### TASK TO CARRY OUT
The records that follow are to be transcribed in full, without their images.

### WORKING DATA
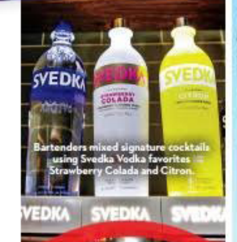
Bartenders mixed signature cocktails using Svedka Vodka favorites Strawberry Colada and Citron.
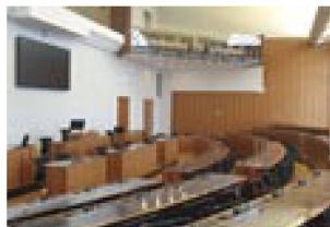
Lugano municipal council chamber

Once again in 2021, the Swiss National Sound Archives worked to preserve and mediate Switzerland's audio heritage in collaboration with various institutions. For example, together with the administrative archives of the city of Lugano and the Memoriav association, it launched a project to safeguard audio recordings of meetings of the Lugano municipal council between 1962 and 2003. It also acquired important collections, such as those of the Swiss band More Experience and Zurich's Widder Bar. In addition, to mark the centenary of Friedrich Dürrenmatt's birth, it released a phonography on the Swiss writer and painter.
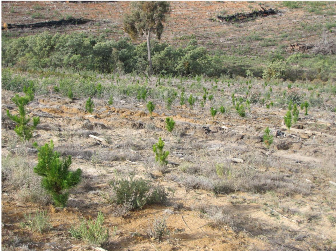
Figure 3: Wandalla Stage 4 – one year old trees on ripped and mounded site
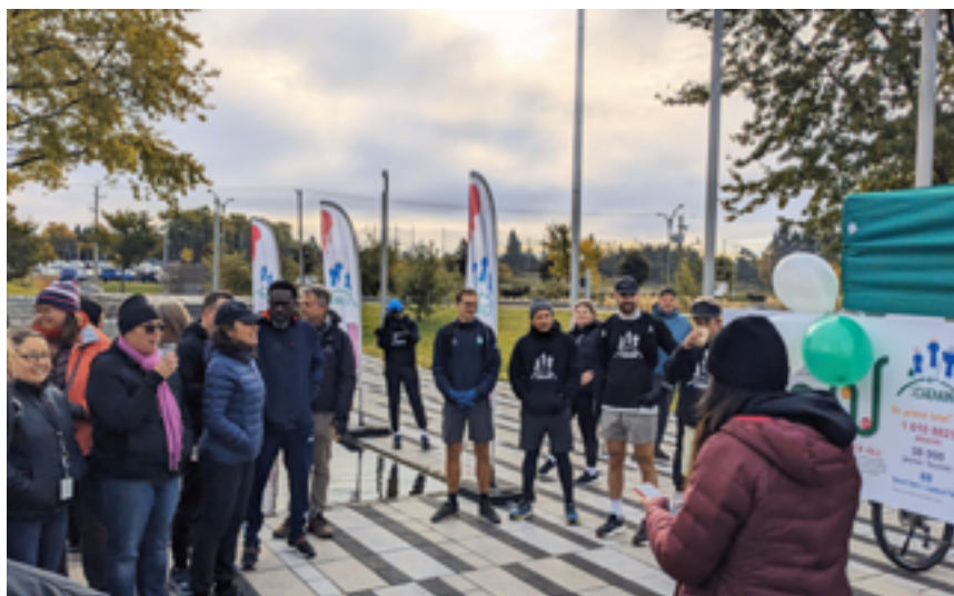
Participants at the starting line for the On the Road event in Lévis.

People who push their limits in support of a worthy cause deserve to be celebrated for their dedication. The Desjardins Foundation is fortunate to have enthusiastic supporters who raise sizeable funds to help young people reach their full potential. Here are two remarkable fundraisers that have received lots of support and are an inspiration for anyone thinking about raising money for a worthy cause.

### EXERCISE OUTPUT
Bartenders mixed signature cocktails using Svedka Vodka favorites Strawberry Colada and Citron.
Lugano municipal council chamber

Once again in 2021, the Swiss National Sound Archives worked to preserve and mediate Switzerland's audio heritage in collaboration with various institutions. For example, together with the administrative archives of the city of Lugano and the Memoriav association, it launched a project to safeguard audio recordings of meetings of the Lugano municipal council between 1962 and 2003. It also acquired important collections, such as those of the Swiss band More Experience and Zurich's Widder Bar. In addition, to mark the centenary of Friedrich Dürrenmatt's birth, it released a phonography on the Swiss writer and painter.
Figure 3: Wandalla Stage 4 – one year old trees on ripped and mounded site
Participants at the starting line for the On the Road event in Lévis.

People who push their limits in support of a worthy cause deserve to be celebrated for their dedication. The Desjardins Foundation is fortunate to have enthusiastic supporters who raise sizeable funds to help young people reach their full potential. Here are two remarkable fundraisers that have received lots of support and are an inspiration for anyone thinking about raising money for a worthy cause.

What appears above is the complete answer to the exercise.